Training one agent among many agents

Training one agent among many agents#

Scenario#

This is the same scenario we met in the first tutorial

[1]:
import warnings
from navground import sim

warnings.filterwarnings('ignore')
%config InlineBackend.figure_formats = ['svg']

scenario = sim.load_scenario("""
type: Cross
agent_margin: 0.1
side: 4
target_margin: 0.1
tolerance: 0.5
groups:
  -
    type: thymio
    number: 20
    radius: 0.1
    control_period: 0.1
    speed_tolerance: 0.02
    color: gray
    kinematics:
      type: 2WDiff
      wheel_axis: 0.094
      max_speed: 0.12
    behavior:
      type: HL
      optimal_speed: 0.12
      horizon: 5.0
      tau: 0.25
      eta: 0.5
      safety_margin: 0.05
    state_estimation:
      type: Bounded
      range: 5.0
""")

where 20 agents move back-and-forth between waypoints crossing in the middle, initially using the HL navigation behavior, but later using the policies we are going to learn.

[2]:
from navground.sim.ui.video import display_video

world = scenario.make_world()
display_video(world, time_step=0.1, duration=60, width=600,
              factor=10, display_width=300)
[2]:

Environment#

We also use the same sensor configured in the first tutorial

[3]:
sensor = sim.load_state_estimation("""
type: Discs
number: 5
range: 5.0
max_speed: 0.12
max_radius: 0
""")

Let us create an environment where we control one of the 20 agents, and save it for later use.

[4]:
import gymnasium as gym
from navground import sim

from navground.learning.rewards import SocialReward
from navground.learning import ControlActionConfig, DefaultObservationConfig, io

with open('scenario.yaml') as f:
    scenario = sim.load_scenario(f.read())

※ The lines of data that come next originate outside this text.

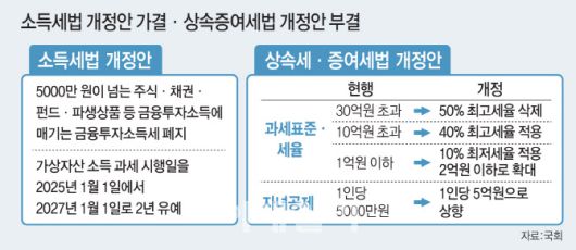 야당인 더불어민주당은 이 같은 정부의 개정안을 ‘부자 감세’라고 비판해왔다. 특히 올해 30조원 가까운 세수 결손이 나오게 된 상황을 지적하며 정부의 세법 개정안이 내년도 세입에까지 부정적인 영향을 끼칠 것이라고 주장하기도 했다. 이에 상속세 최고세율 인하에는 반대 입장을 표명했고, 인적 공제 확대에 대해서는 협의의 가능성을 열어뒀지만 지난 3일 계엄령의 여파로 관련 논의가 중단돼 결국 최종 부결로 결론났다.
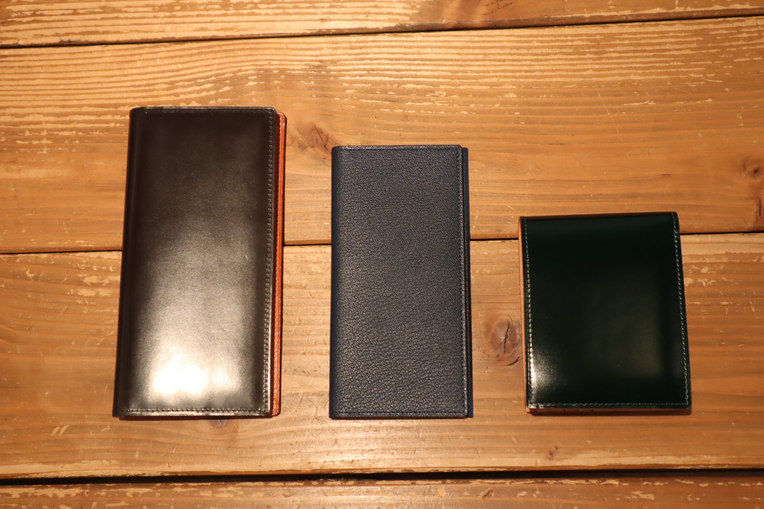 左:シンブライドル長財布 中央:エンケースウォレット 右:コードバン二つ折り財布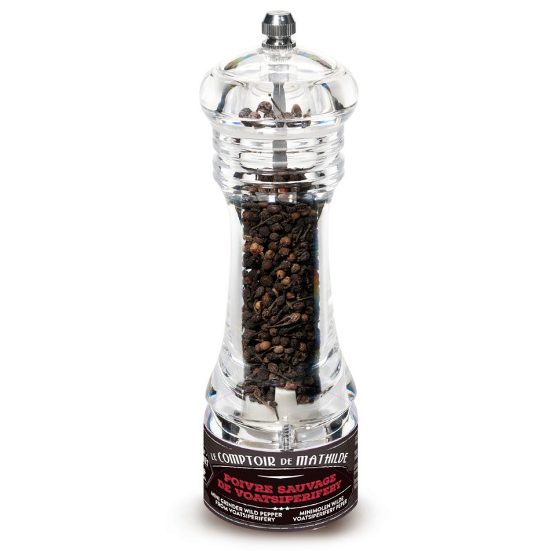 Mini Moulin transparent au design élégant pour habiller vos tables. Poivre aux notes boisées, résineuses, terreuses, d’agrumes, de fruits et de fleurs. Peut-être utilisé en assaisonnement pour les salades, sur les viande, les poissons blancs. Ce poivre est exceptionnel sur le foie gras, la pomme de terre et idéal avec les fromages blancs ou les fromages de chèvre.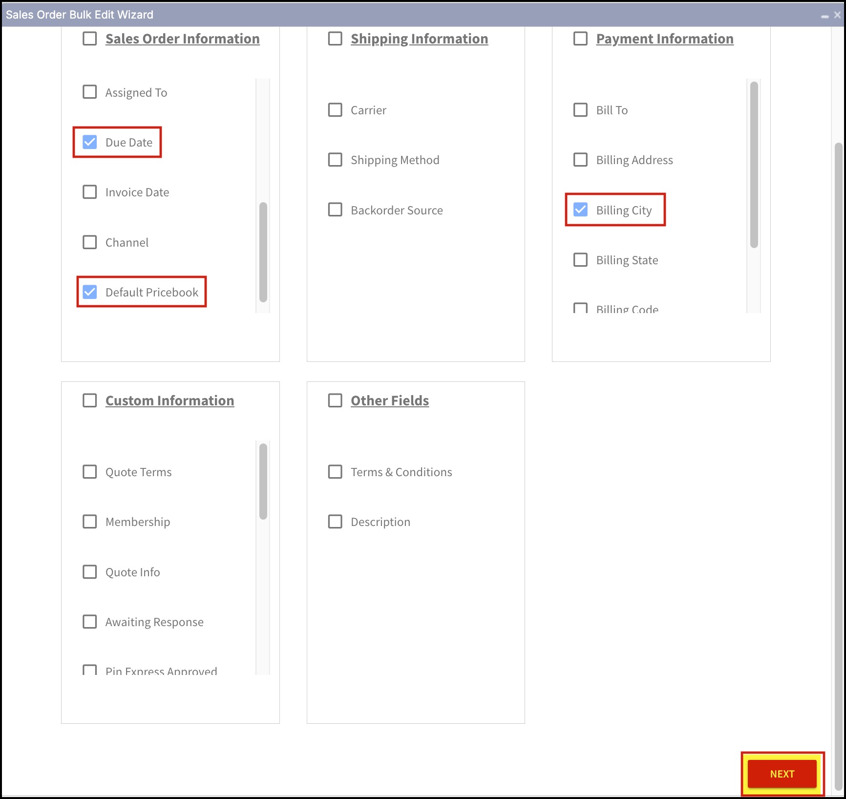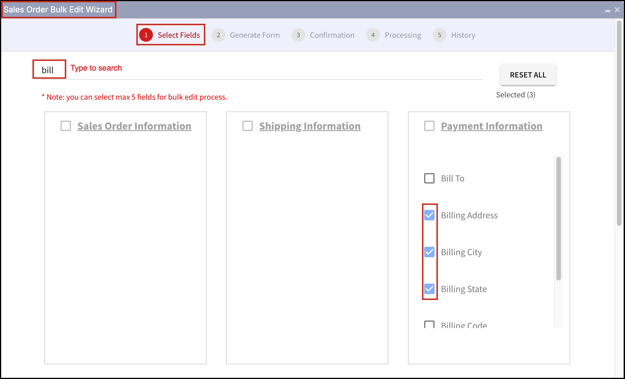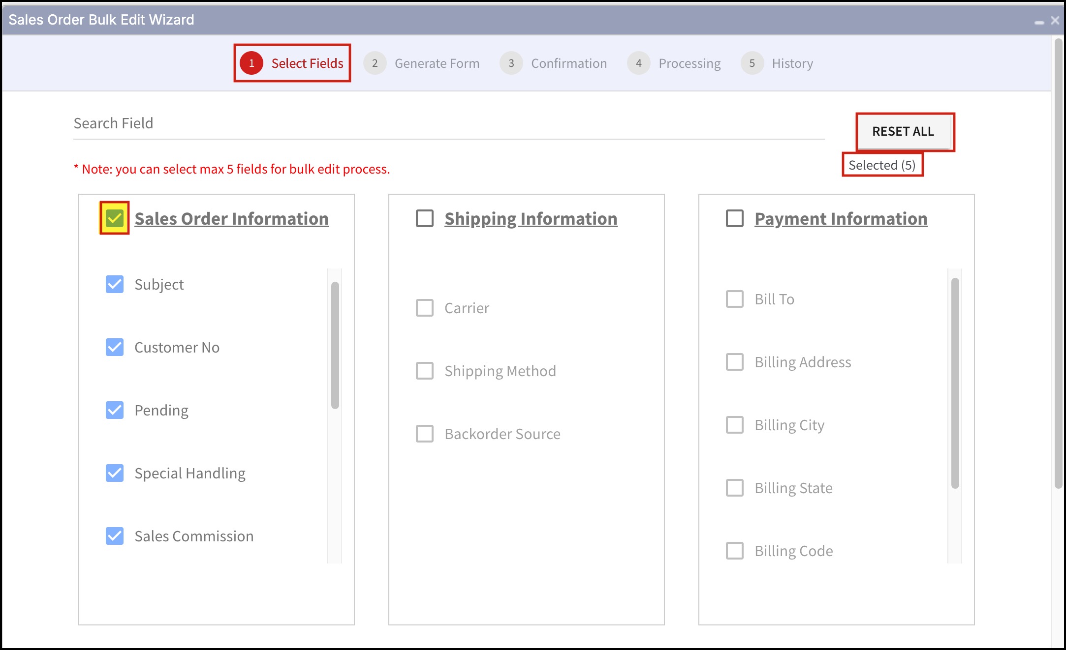 - Sales Order Bulk Edit Wizard will open where you can first see the 'Select Fields' window. Maximize the screen if needed.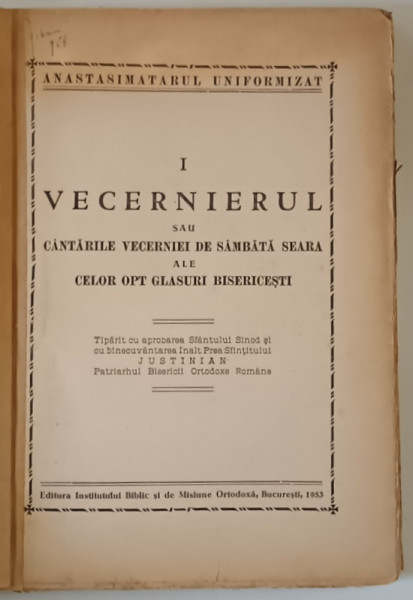 VECERNIERUL TIPARIT CU APROBAREA SFANTULUI SINOD SI CU BINECUVANTAREA PATRIARHULUI JUSTINIAN (1953)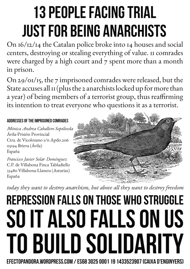 One day before, the instructing judge of the Audiencia Nacional (Madrid) permitted access to the investigative file, and what we know at the moment is what has been circulated through the website of Mossos d’Esquadra in a press communiqué. They are facing charges such as membership in GAC (Coordinated Anarchist Groups), attacks against banks, posting parcel bombs (one to the Archbishop of Pamplona, one to a member of the fascist congregation Legionaries of Christ, and others to Italian companies), while “they are linked”—always according to the police—with the explosive attacks against the Cathedral of Almudena in Madrid (February 7th, 2013) and the Basilica of the Pillar in Zaragoza (October 2nd, 2013), the latter having led to the indictment and pretrial detention of our comrades Mónica and Francisco.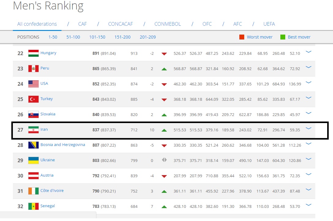 لاله های نارنجی، با 4 پله صعود بالاخره به جمع 20 تیم برتر رده بندی فیفا راه پیدا کردند و ایسلند نیز در راستای روند رو به رشد خود، صعودی 6 پله ای را تجربه کرد و به رتبه بیست و یکم تکیه زد. مجارستان، پرو، آمریکا، ترکیه و اسلوونی با اختلاف امتیاز نه چندان زیادی بالاتر از ایران قرار دارند و ممکن است تا ماه های آینده و در صورت ادامه نتایج خوب تیم ملی، ایران بتواند از این تیم های قدرتمند نیز پیشی بگیرد و خود را به جمع 20 تیم اول نزدیک تر کند.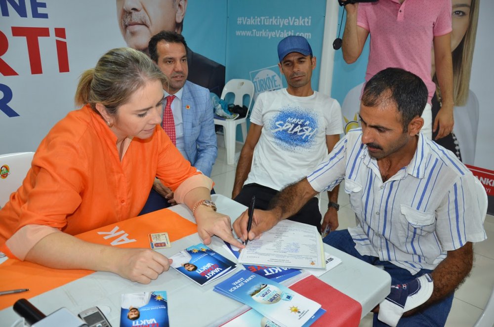 MİLLETVEKİLİNDEN AK PARTİYE ÜYE KAYDIÇankaya seçim kordinasyon merkezinde teşkilatı ziyaret eden Milletvekili Ceyda Bölünmez Çankırı, AK Parti'ye yeni üyeler de kazandırdı. Üye formunu elleriyle dolduran Çankırı, tavsiye eden kısmına kendi adını yazdı. Koordinasyon merkezine bilgi almaya gelen vatandaşlara AK Parti icraatlarını anlatan Çankırı, üyelik formu dolduranlara "Çevrenize Hükümetimizin icraatlarını anlatın. İzmir' de çok eksik var. Elbirliği ile şehrimize hizmet edelim" dedi.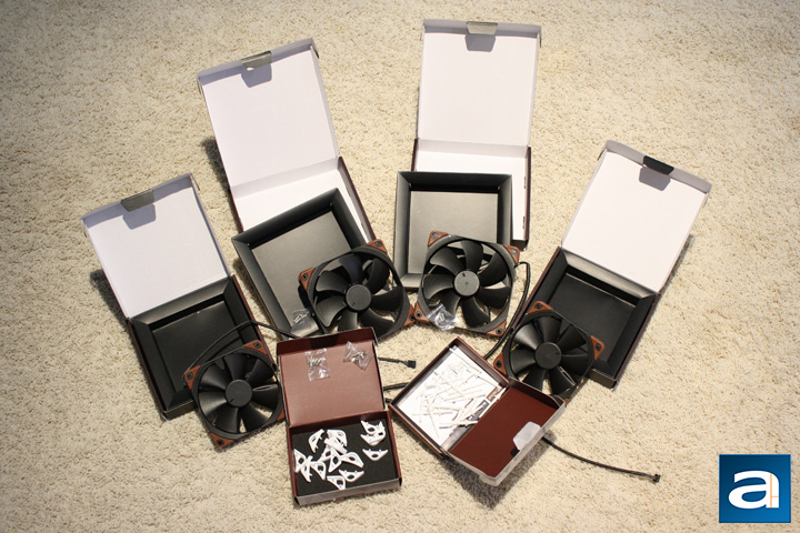 All four of the fans are pulse-width modulation, abbreviated as PWM, fans. They connect to a four pin header on the motherboard. Since these fans can take up to 24V, but within a PC the maximum would be 12V, the maximum speed will then be reduced to 1800 RPM. For sound, airflow, and static pressure technicalities, the following section has been borrowed from Editor-in-Chief Jonathan Kwan's review of the NF-F12 PWM and NF-P12 PWM fans.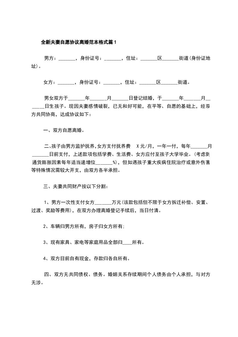 男方与女方于 年 月认识,于 年 月 日在 登记结婚,婚后于 年 月 日生育一儿子/女儿,名 。因 致使夫妻感情破裂,已无和好可能,现经夫妻双方自愿协商达成一致意见,订立离婚协议如下: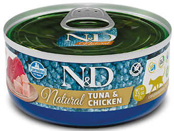 Skład: tuńczyk żółtopłetwy (50%), filet z kurczaka (20%), bulion rybny, bulion z kurczaka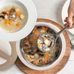 Takket være den isolerende konstruktion med inderside i rustfrit stål forbliver supper og hovedretter varme, mens desserter og is holdes behageligt kolde.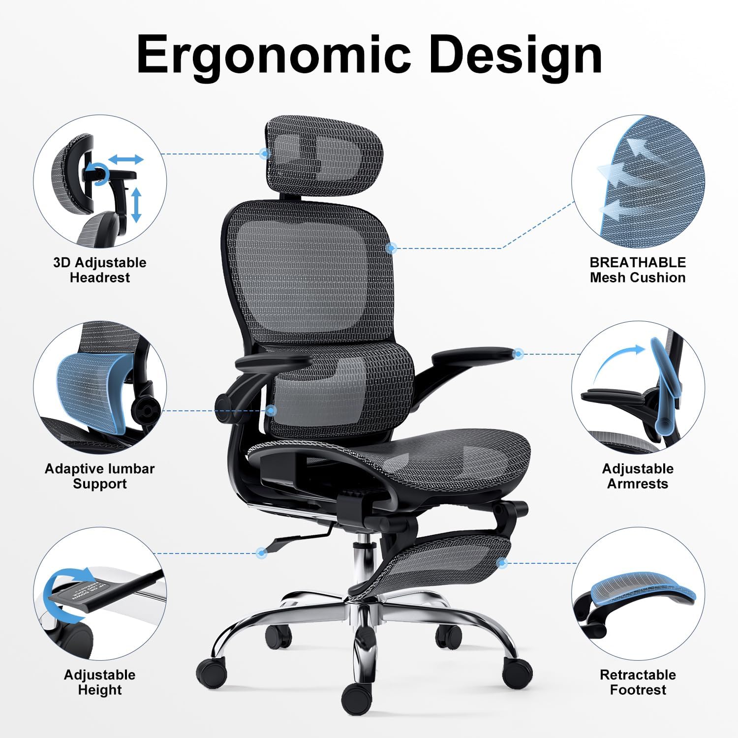 Ergonomic Office Chair: This ergonomic chair conforms to the curves of the body and allows easy adjustments for the headrest, armrests, seat height, backrest angle, and footrest, providing optimal support for the spine’s natural curve and ensuring users can customize it for maximum comfort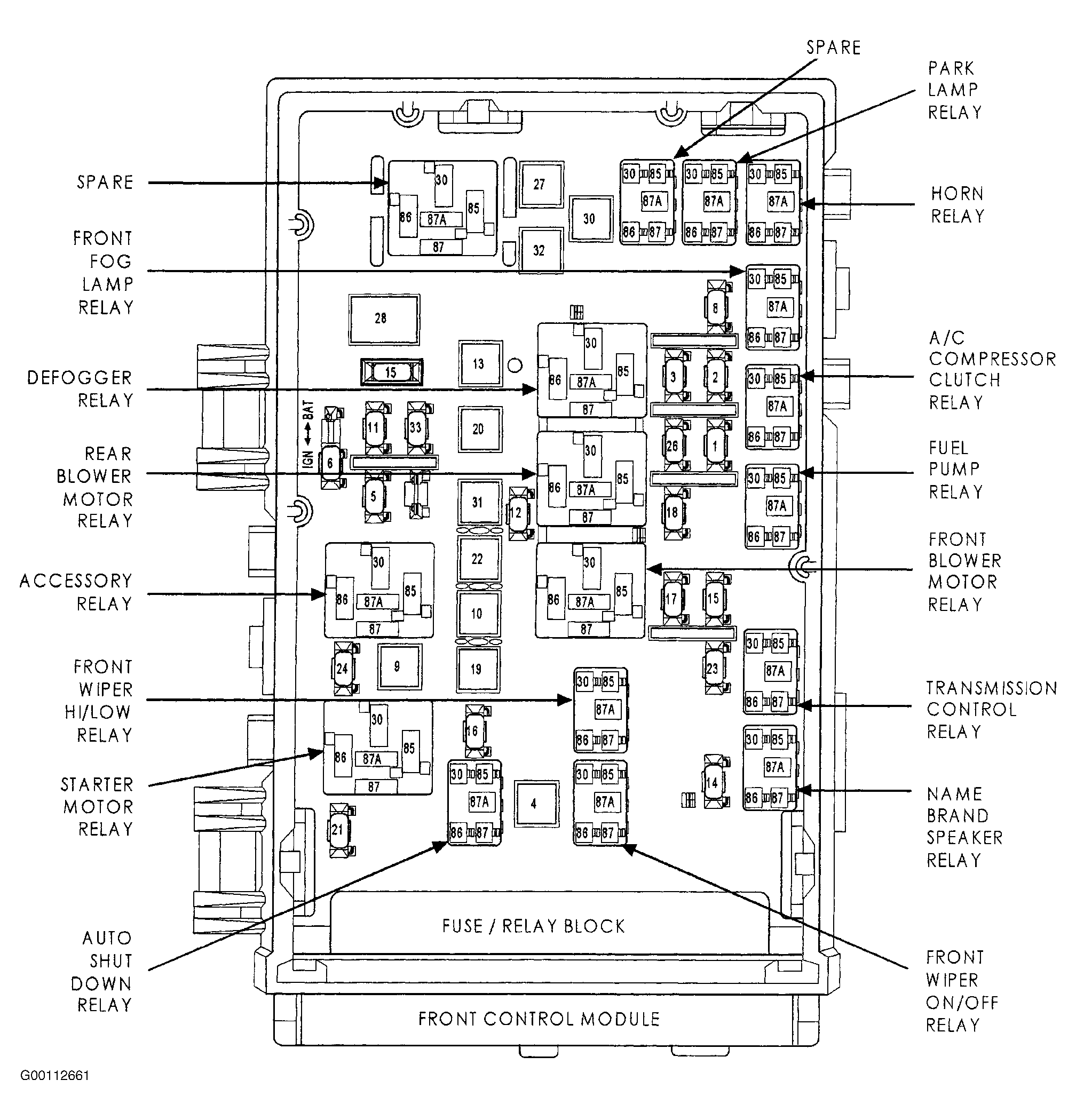 - Turn ignition off. Disconnect Powertrain Control Module (PCM) connectors. PCM is located on left side of engine compartment, near front of battery. See Fig 1. Inspect connectors for damaged pins, corrosion and loose terminals. Repair connectors necessary. Using a test light connected to ground, probe terminal No. 46 (Orange/Red wire) at PCM C2 harness connector. See Fig 2. If test light illuminates brightly, go to next step. If test light does not illuminate brightly, repair open in Orange/Red wire between fuse No. 17 (20-amp) in Intelligent Power Module (IPM) on left side of engine compartment, next to battery. See Fig 1. Also inspect fuse No. 17 in IPM. See Fig 3.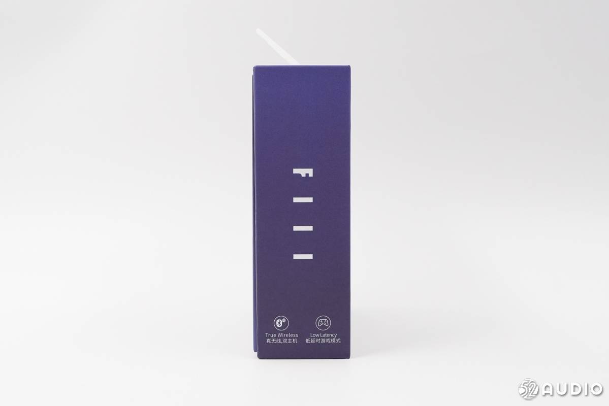 左侧面有白色字体FIIL品牌LOGO和真无线双主机、低延时游戏模式两个产品特点。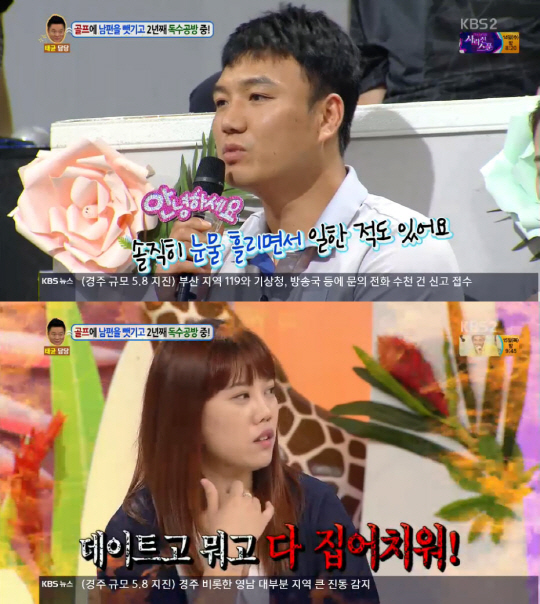 또 이 남편은 "일 할때 지장이 없냐"는 질문에 "솔직히 눈물을 흘리면서 일한 적도 있다. 스트레스가 해소되서 스크린골프장을 간다"고 말했다.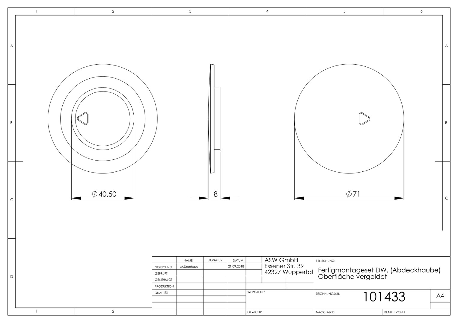 ASW Fertigmontageset DW (Abdeckhaube), vergoldet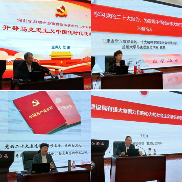 中共甘肅省委黨校文史教研部主任王旺祥教授,甘肅省委專家學(xué)者宣講團(tuán)成員、中共甘肅省委黨校黨的建設(shè)與領(lǐng)導(dǎo)科學(xué)教研部主任高璐佳,甘肅省學(xué)習(xí)貫徹黨的二十大精神專家學(xué)者宣講團(tuán)成員、蘭州大學(xué)馬克思主義學(xué)院蒙慧教授,甘肅省委專家學(xué)者宣講團(tuán)成員、蘭州大學(xué)范鵬教授分別應(yīng)邀作了題為“建設(shè)具有強(qiáng)大凝聚力和向心力的社會主義意識形態(tài)”“黨的二十大黨章修改的重點(diǎn)內(nèi)容及其重大深遠(yuǎn)歷史意義”“學(xué)習(xí)黨的二十大報(bào)告,為實(shí)現(xiàn)中華民族偉大復(fù)興不懈奮斗”“深刻學(xué)習(xí)領(lǐng)會全面貫徹落實(shí)黨的二十大精神 開辟馬克思主義中國化時(shí)代化新境界”的報(bào)告。
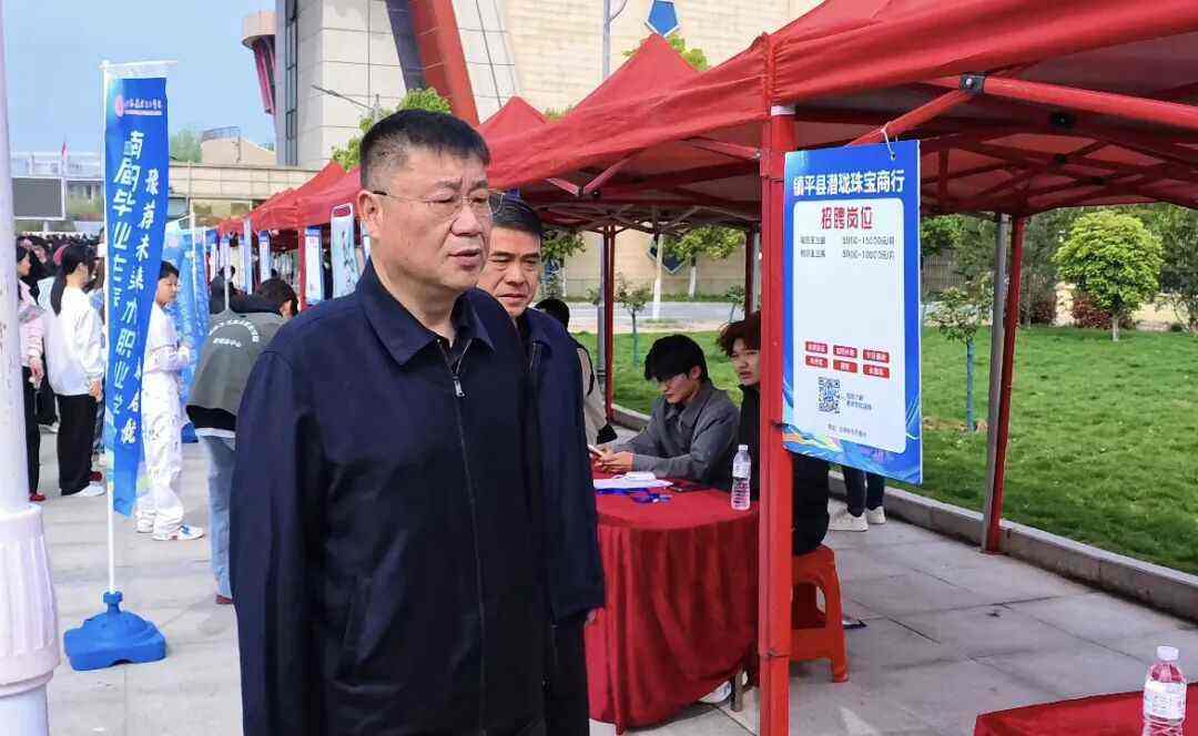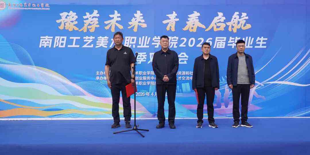 玉都聚英才,春风赴新程。4月15日,“豫荐未来 青春启航——南阳工艺美术职业学院2026届毕业生春季双选会”在我校大门口隆重举行。本次活动由镇平县人力资源和社会保障局与我校联合主办,旨在为毕业生与优质企业搭建精准高效、双向选择的就业对接平台。校长胡楠,校党委副书记郭学中,镇平县人力资源和社会保障局党组成员、就业创业服务中心主任庞从伟,镇平县人才交流中心主任孙鹏展等出席开幕式。开幕式由党委委员、副校长王道明主持。
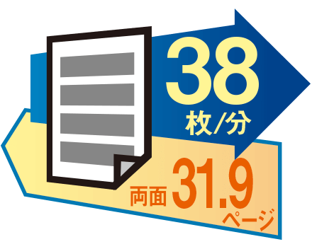 高性能エンジンを搭載し、連続出力38枚/分※の高速印刷を実現。さらに、31.9ページ/分※の自動両面印刷機能を標準装備しました。用紙コストを節約したり紙資源を有効活用したりすることができます。

with open('sensor.yaml') as f:
    sensor = sim.load_state_estimation(f.read())

action_config = ControlActionConfig(
    max_acceleration=1.0, max_angular_acceleration=10.0,
    use_acceleration_action=True)

observation_config = DefaultObservationConfig(
    include_target_distance=True, include_target_direction=True,
    include_velocity=True, include_angular_speed=True, flat=True)

reward = SocialReward()

duration = 60.0
time_step = 0.1
env = gym.make('navground',
    scenario=scenario,
    sensor=sensor,
    action=action_config,
    observation=observation_config,
    reward=reward,
    time_step=time_step,
    max_duration=duration);

io.save_env(env, 'env.yaml')

Human-like behavior#

In the first tutorial, we have already measured the performance of the HL navigation algorithm in this scenario.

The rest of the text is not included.